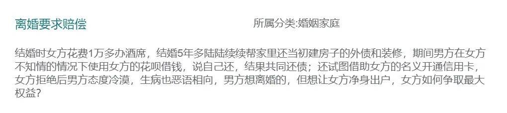 结婚时女方花费1万多办酒席,结婚5年多陆陆续续帮家里还当初建房子欠的外债和装修费。其间男方在女方不知情的情况下使用女方的花呗借钱,说自己还,结果共同还债。男方还试图以女方的名义开通信用卡,女方拒绝后,男方态度冷漠。女方生病,男方也恶语相向。男方想离婚,但想让女方净身出户,女方如何争取最大权益?
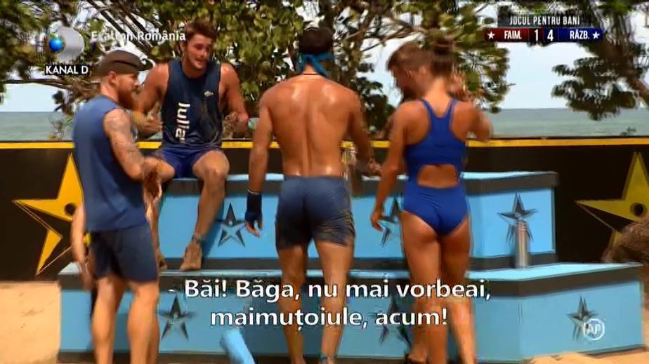 "Vorbeşte, bă, frumos!" şi-a început tirada Giani la adresa lui Iulian. Se pare că după ce a obţinut punctul Iulian a spus ceva care l-a deranjat pe antrenorul Faimoşilor. "Băga, nu mai vorbeai, maimuţoiule, acum", a continuat Giani.
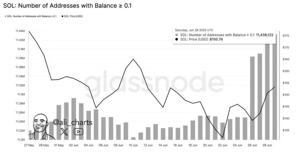 The addresses that contain more than 0.1 SOL tokens have surpassed 11.44 million, setting a new record, according to Glassnode data.
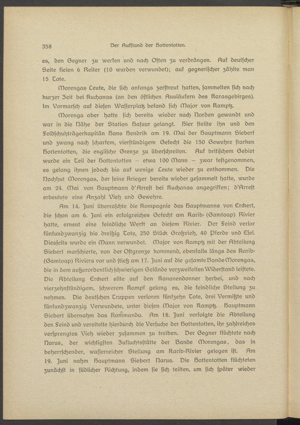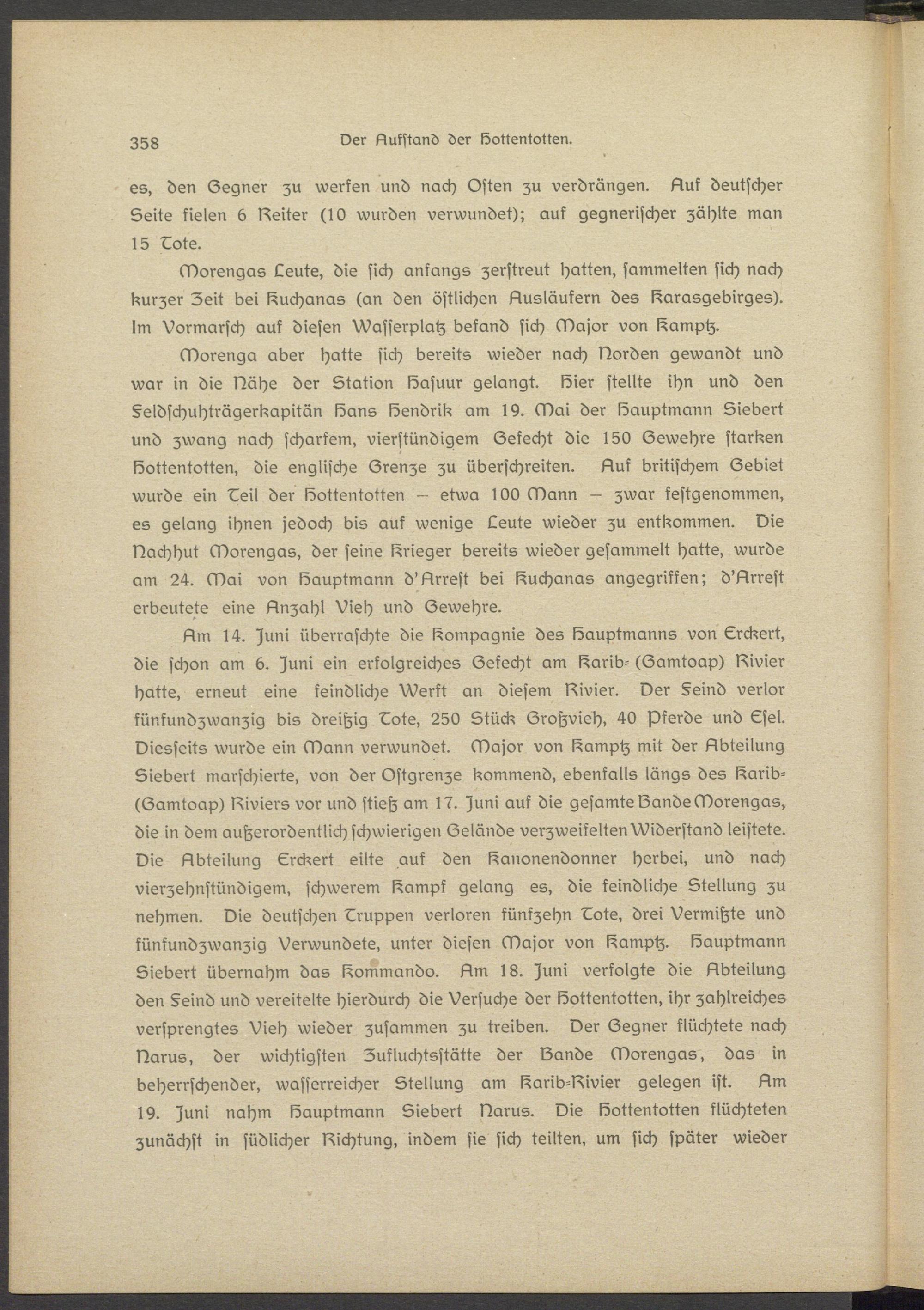 Am 14. jjuni überraschte die Compagnie des löauptmanns von Grckert, die schon am b. jjuni ein erfolgreiches Gefecht am karib- (Gamtoap) Sivier hatte, erneut eins feindliche XVerkt an diesem Sivisr. Oer §sind verlor fünfundzwanzig bis dreißig Note, 250 Stück Großvieh, 40 Pferde und Gsel. Diesseits wurde ein Mann verwundet. Major von Kamptz mit der Abteilung Siebert marschierte, von der Ostgrenzs kommend, ebenfalls längs des karib- (Gamtoap) Sivisrs vor und stieß am 17. jjuni auf die gesamte Sands Morengas, die in dem außerordentlich schwierigen Gelände verzweifeltenXViderstand leistete. Nie Abteilung Grcksrt eilte auf den Kanonendonner herbei, und nach vierzehnstündigsm, schwerem Kampf gelang es, die feindliche Stellung zu nehmen. Nie deutschen Nruppen verloren fünfzehn Note, drei Vermißte und fünfundzwanzig Verwundete, unter diesen Major von Kamptz. löauptmann Sisbert übernahm das Kommando. Am 18. )uni verfolgte die Abteilung den §elnd und vereitelte hierdurch die Versuche der löottentotten, ihr zahlreiches versprengtes Vieh wieder zusammen zu treiben. Der Gegner flüchtete nach Narus, der wichtigsten Zufluchtsstätte der Sande Morengas, das in beherrschender, wasserreicher Stellung am Karib-Sivisr gelegen ist. Am 19. )uni nahm löauptmann Siebert Narus. Nie löottentotten flüchteten zunächst in südlicher Sichtung, indem sie sich teilten, um sich später wieder
----
WORK TO COMPLETE: Please repeat the lines above from the line containing "a continuat Giani." through the final line, both included, exactly as they stand and without pictures.

EXERCISE OUTPUT:
 "Vorbeşte, bă, frumos!" şi-a început tirada Giani la adresa lui Iulian. Se pare că după ce a obţinut punctul Iulian a spus ceva care l-a deranjat pe antrenorul Faimoşilor. "Băga, nu mai vorbeai, maimuţoiule, acum", a continuat Giani.
 The addresses that contain more than 0.1 SOL tokens have surpassed 11.44 million, setting a new record, according to Glassnode data.
 Am 14. jjuni überraschte die Compagnie des löauptmanns von Grckert, die schon am b. jjuni ein erfolgreiches Gefecht am karib- (Gamtoap) Sivier hatte, erneut eins feindliche XVerkt an diesem Sivisr. Oer §sind verlor fünfundzwanzig bis dreißig Note, 250 Stück Großvieh, 40 Pferde und Gsel. Diesseits wurde ein Mann verwundet. Major von Kamptz mit der Abteilung Siebert marschierte, von der Ostgrenzs kommend, ebenfalls längs des karib- (Gamtoap) Sivisrs vor und stieß am 17. jjuni auf die gesamte Sands Morengas, die in dem außerordentlich schwierigen Gelände verzweifeltenXViderstand leistete. Nie Abteilung Grcksrt eilte auf den Kanonendonner herbei, und nach vierzehnstündigsm, schwerem Kampf gelang es, die feindliche Stellung zu nehmen. Nie deutschen Nruppen verloren fünfzehn Note, drei Vermißte und fünfundzwanzig Verwundete, unter diesen Major von Kamptz. löauptmann Sisbert übernahm das Kommando. Am 18. )uni verfolgte die Abteilung den §elnd und vereitelte hierdurch die Versuche der löottentotten, ihr zahlreiches versprengtes Vieh wieder zusammen zu treiben. Der Gegner flüchtete nach Narus, der wichtigsten Zufluchtsstätte der Sande Morengas, das in beherrschender, wasserreicher Stellung am Karib-Sivisr gelegen ist. Am 19. )uni nahm löauptmann Siebert Narus. Nie löottentotten flüchteten zunächst in südlicher Sichtung, indem sie sich teilten, um sich später wieder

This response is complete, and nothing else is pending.